Чтобы возбуждать меньше подозрений, я иногда бил даже девушку, но с любовью, а не с гневом, с нежностью, а не с раздражением, и эти удары были приятнее всяких целебных умащений. Что говорить? Ни одно из удовольствий любви не было нами упущено, а то, что любовь еще может придумать необычного, было прибавлено. Чем меньше опытности было у нас в подобных наслаждениях, тем пламеннее мы им предавались и тем менее они нас утомляли. И чем больше овладевала мной эта страсть, тем меньше времени оставалось у меня для философии и чтения лекций. Мне очень тягостно стала ходить в школу и там находиться. Это было к тому же и утомительно, потому что все мои ночи были отданы страсти, а дни поглощали ученые занятия.

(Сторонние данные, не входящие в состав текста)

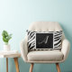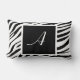 Snyggtens anpassningsbar tryckte 21 x 13 tum dekorativ kudde designad med en svart och vit personlig zebra tryck mönster med din inledande vita över en svart kvadrat.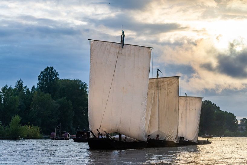 Chalands se déplaçant en train de bateaux pendant les Fêtes de la Loire à Orléans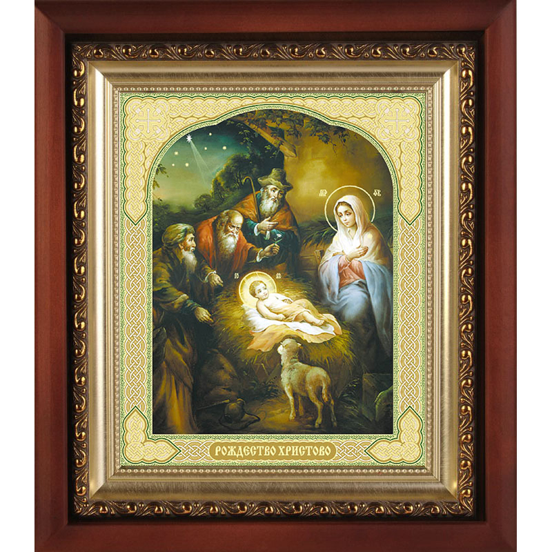 Икона в киоте с багетом "Рождество Христово" зеленый фон (98*120)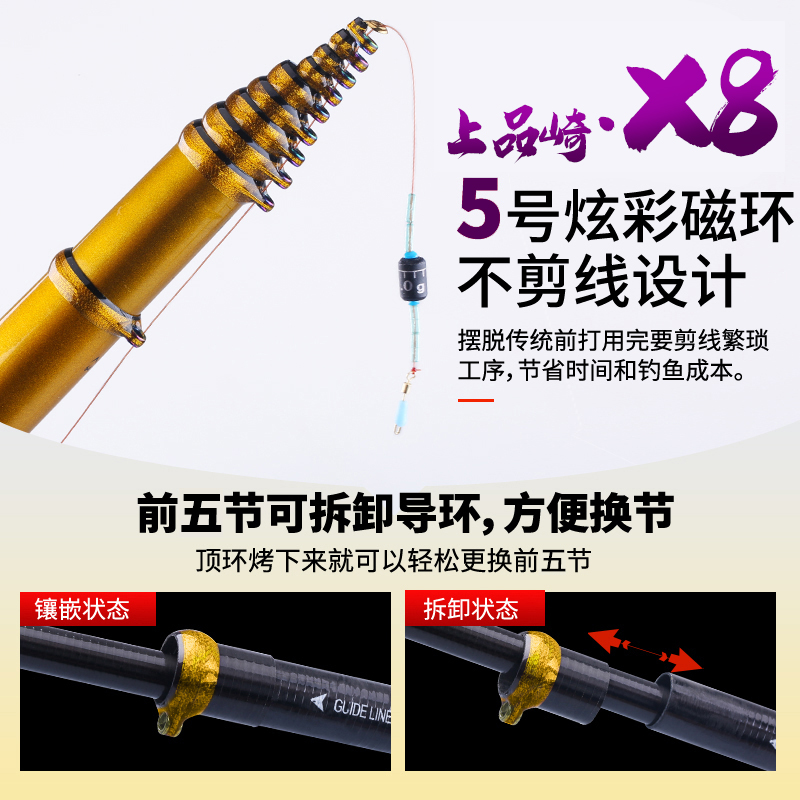 Dream Bach monopoly X8 front hit rod, grain wheat, fishing rod, three positioning, no cutting line, ultra-light ultra-hard 19 adjustment stream rod fishing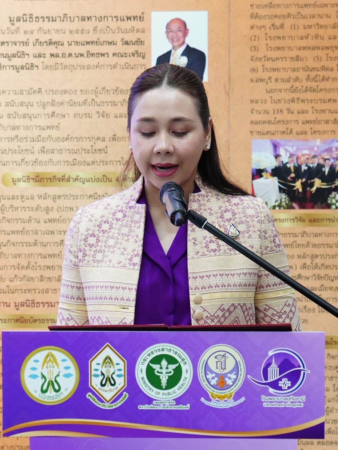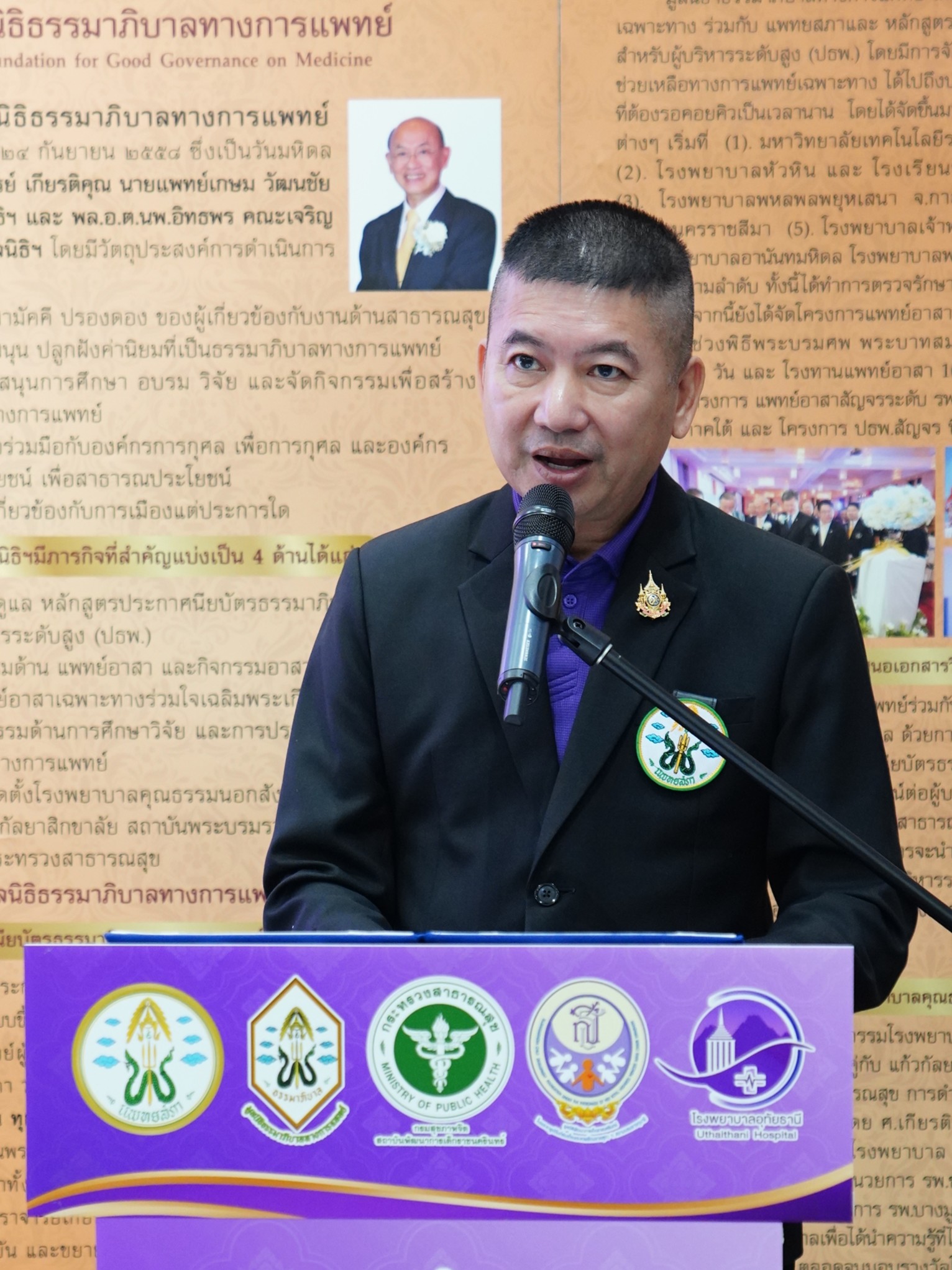เมื่อวันที่ 6-7 กันยายน 2568 มูลนิธิธรรมาภิบาลทางการแพทย์ ร่วมกับ แพทยสภา โรงพยาบาลอุทัยธานี สถาบันพัฒนาการเด็กราชนครินทร์ และมูลนิธิพัฒนาการเด็กราชนครินทร์ ในพระราชูปถัมภ์ สมเด็จพระเทพรัตนราชสุดาฯ สยามบรมราชกุมารี และนักศึกษาหลักสูตรประกาศนียบัตรธรรมาภิบาลทางการแพทย์ สำหรับผู้บริหารระดับสูง รุ่นที่ 1 (ปธพ.1) ได้จัดโครงการแพทย์อาสาเฉพาะทางร่่วมใจเฉลิมพระเกียรติสมเด็จพระกนิษฐาธิราชเจ้า กรมสมเด็จพระเทพรัตนราชสุดา ฯ สยามบรมราชกุมารี เนื่องในโอกาสทรงเจริญพระชนมายุ 70 พรรษา 2 เมษายน 2568 ณ โรงพยาบาลอุทัยธานี จังหวัดอุทัยธานี

К своим лекциям я стал относиться так небрежно и вяло, что полагаться приходилось уже не на вдохновение, а только на привычку. Я лишь повторял прежние лекции, а если мне и удавалось придумать что-нибудь новое, то это были любовные стихи, а не философские глубины. Многие из этих стихов, как ты сам знаешь, получили немалую известность и поются по сей день во многих странах, преимущественно людьми, которых жизнь обольщала такими же соблазнами, как и меня.

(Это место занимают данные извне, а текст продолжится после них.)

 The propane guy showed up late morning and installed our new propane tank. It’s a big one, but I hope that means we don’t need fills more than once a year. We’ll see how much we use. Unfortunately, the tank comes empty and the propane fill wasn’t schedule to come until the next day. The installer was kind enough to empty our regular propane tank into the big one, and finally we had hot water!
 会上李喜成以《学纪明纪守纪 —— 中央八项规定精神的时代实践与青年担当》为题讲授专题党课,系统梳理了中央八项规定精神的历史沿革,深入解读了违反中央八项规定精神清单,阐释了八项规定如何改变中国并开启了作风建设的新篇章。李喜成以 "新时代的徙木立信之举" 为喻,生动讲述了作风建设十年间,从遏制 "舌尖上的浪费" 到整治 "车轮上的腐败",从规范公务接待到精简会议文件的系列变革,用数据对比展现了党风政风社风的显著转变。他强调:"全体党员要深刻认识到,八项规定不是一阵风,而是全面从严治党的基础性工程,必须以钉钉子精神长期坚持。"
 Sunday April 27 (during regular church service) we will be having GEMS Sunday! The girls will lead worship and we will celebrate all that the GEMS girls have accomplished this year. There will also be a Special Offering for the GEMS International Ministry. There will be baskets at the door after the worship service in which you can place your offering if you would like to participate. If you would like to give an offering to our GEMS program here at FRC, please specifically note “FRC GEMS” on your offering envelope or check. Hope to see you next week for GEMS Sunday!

Но трудно и вообразить, как были недовольны мои ученики, как стали они роптать, как жаловались, когда заметили такое состояние, или, вернее, такое помрачение моего духа.

Лишь от немногих могла укрыться столь явная страсть, даже, пожалуй, ни от кого. Скрыта она была разве лишь от того, кому она причиняла наивеличайшее оскорбление, а именно, от дяди моей возлюбленной. Правда, кое-кто иногда позволял себе делать ему намеки; но он не мог им поверить, как из-за своей безграничной любви к племяннице, так и потому, что ему была ведома прежняя моя целомудренная жизнь. Ведь нам вовсе нелегко заподозрить в гнусности людей, которых мы любим больше всего. Сильная любовь несовместна с дурными предчувствиями. Поэтому и у блаженного Иеронима в послании к Сабиниану сказано: «О беде в нашем собственном доме мы узнаем позже всех; а о пороках детей и жен наших не знаем и тогда, когда все соседи кричат о них»[245].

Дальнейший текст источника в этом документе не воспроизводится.